Dans un message sur son compte X le 20 octobre, Antoine Armand, ministre de l’Economie, des Finances et de l’Industrie a indiqué avoir «obtenu les garanties du maintien et du développement d’Opella en France. Nos exigences sur l’emploi, la production et l’investissement seront respectées. Pour le Doliprane et les autres médicaments essentiels du pays». Et l’Etat s’inscrit d’ailleurs dans l’opération avec cette participation de Bpifrance qui devrait lui permettre d’obtenir une représentation au conseil d’administration d’Opella.

70 millions d’euros d’investissements sur 5 ans pour Opella, et des sanctions financières prévues

Ces garanties sont inscrites dans un accord tripartite, avec des sanctions prévues. Lors d’une conférence de presse, Marc Ferracci, ministre délégué chargé de l’Industrie a indiqué que Sanofi et CD&R s’étaient engagés sur « 70 millions d’euros d’investissements sur cinq années en cumulé » pour Opella en France, un engagement assorti de « sanctions proportionnelles » s’il n’était pas concrétisé. En termes de sanctions prévues, la plus importante est liée au maintien de l’approvisionnement par des fournisseurs et sous-traitants français, en premier lieu pour le paracétamol qui sera produit par Seqens à Roussillon (Isère). La pénalité prévue par le gouvernement en cas de défaut pourrait atteindre 100 millions d’euros.

Le maintien de la production sur les sites de Lisieux (Calvados) et de Compiègne (Oise), pour au moins 5 ans, est garanti par une pénalité qui « pourrait s’élever jusqu’à 40 millions d’euros en cas d’arrêt de la production sur ces deux sites », selon un communiqué du ministère. Des pénalités de 100 000 euros par emploi sont également prévues en cas de « licenciement économique contraint ». Enfin, des sanctions financières non détaillées sont envisagées pour le « maintien de volumes minimaux de production en France pour les produits sensibles d’Opella : Doliprane, Lanzor et Aspegic ».

Sanofi veut créer un champion mondial de la santé grand public

Sanofi n’a pas indiqué de possible échéance pour son maintien au capital d’Opella, mastodonte des médicaments sans ordonnance, des vitamines et des compléments alimentaires, présenté comme le numéro 3 du secteur, engrangeant plus de 5 milliards d’euros de chiffre d’affaires annuel, recensant 11000 salariés et 13 sites industriels dans le monde, et abritant près de 120 marques consommées par un demi-milliard de personnes dans le monde.
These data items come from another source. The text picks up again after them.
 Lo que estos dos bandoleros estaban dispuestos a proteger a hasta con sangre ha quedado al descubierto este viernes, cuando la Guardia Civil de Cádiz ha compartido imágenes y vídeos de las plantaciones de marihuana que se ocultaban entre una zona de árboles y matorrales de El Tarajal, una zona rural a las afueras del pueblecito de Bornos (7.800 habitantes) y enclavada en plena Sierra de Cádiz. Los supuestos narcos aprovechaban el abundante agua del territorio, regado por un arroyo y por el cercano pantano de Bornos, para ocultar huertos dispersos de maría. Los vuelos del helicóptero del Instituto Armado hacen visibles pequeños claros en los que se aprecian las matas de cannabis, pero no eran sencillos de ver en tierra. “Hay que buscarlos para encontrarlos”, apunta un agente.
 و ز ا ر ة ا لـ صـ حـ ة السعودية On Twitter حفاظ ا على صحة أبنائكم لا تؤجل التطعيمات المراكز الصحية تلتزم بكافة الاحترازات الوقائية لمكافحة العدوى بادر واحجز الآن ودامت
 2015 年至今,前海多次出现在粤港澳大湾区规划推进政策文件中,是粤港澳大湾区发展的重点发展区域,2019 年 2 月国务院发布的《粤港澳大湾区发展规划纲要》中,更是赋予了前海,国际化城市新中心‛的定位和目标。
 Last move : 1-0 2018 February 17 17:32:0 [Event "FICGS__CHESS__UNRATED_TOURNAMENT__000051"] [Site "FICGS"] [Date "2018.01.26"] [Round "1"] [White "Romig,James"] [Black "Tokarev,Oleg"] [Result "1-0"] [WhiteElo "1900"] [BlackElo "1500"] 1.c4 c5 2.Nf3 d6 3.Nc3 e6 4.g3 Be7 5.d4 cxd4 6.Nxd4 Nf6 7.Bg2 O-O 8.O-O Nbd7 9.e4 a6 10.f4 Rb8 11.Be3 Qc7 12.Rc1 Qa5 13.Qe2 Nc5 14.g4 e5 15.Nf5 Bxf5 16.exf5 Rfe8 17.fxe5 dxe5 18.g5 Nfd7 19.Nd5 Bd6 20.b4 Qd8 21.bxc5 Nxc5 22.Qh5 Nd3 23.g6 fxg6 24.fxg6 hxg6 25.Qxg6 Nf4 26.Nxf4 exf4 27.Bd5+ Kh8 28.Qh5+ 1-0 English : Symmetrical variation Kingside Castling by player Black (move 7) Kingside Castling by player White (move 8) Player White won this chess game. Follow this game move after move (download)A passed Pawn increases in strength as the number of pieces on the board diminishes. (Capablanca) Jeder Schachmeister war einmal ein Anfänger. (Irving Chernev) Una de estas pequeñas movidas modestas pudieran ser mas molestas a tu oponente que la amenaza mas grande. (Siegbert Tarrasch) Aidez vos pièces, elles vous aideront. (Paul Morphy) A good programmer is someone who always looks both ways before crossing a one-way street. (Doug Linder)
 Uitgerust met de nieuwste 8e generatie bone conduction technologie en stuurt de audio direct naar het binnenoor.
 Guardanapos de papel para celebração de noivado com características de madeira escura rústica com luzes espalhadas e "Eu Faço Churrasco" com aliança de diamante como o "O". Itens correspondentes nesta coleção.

Paul Hudson affirme que l’association avec CD&R avait pour ambition de créer un «champion mondial de la santé grand public avec une gouvernance basée en France», et qu’il y a un «engagement absolu» de Sanofi «pour participer à long terme». Ajoutant que le laboratoire entendait «rester longtemps» au capital d’Opella dans le cadre d’une participation «à durée indéterminée».

Le laboratoire français a annoncé il y a à peine un an son projet de désengagement dans sa division Santé grand public. Au départ, l’option privilégiée était celle d’une introduction en bourse, comme Sanofi avait procédé avec EuroAPI, sa division de chimie pour les principes actifs pour tiers, en conservant 30% du capital. Au final, avec Opella, le laboratoire resterait visiblement plus impliqué, même s’il laissera finalement la majorité à son partenaire américain alors qu’il avait été question, ces derniers jours, de rester à hauteur de 50%.

Ce désengagement, décrit par Sanofi comme destiné à créer plus de valeur pour Opella en ayant plus de moyens pour se développer, permettra au laboratoire français d’être entièrement focalisé sur ses activités dans les vaccins et la biopharma, avec toujours l'ambition de devenir leader mondial de l’immunologie.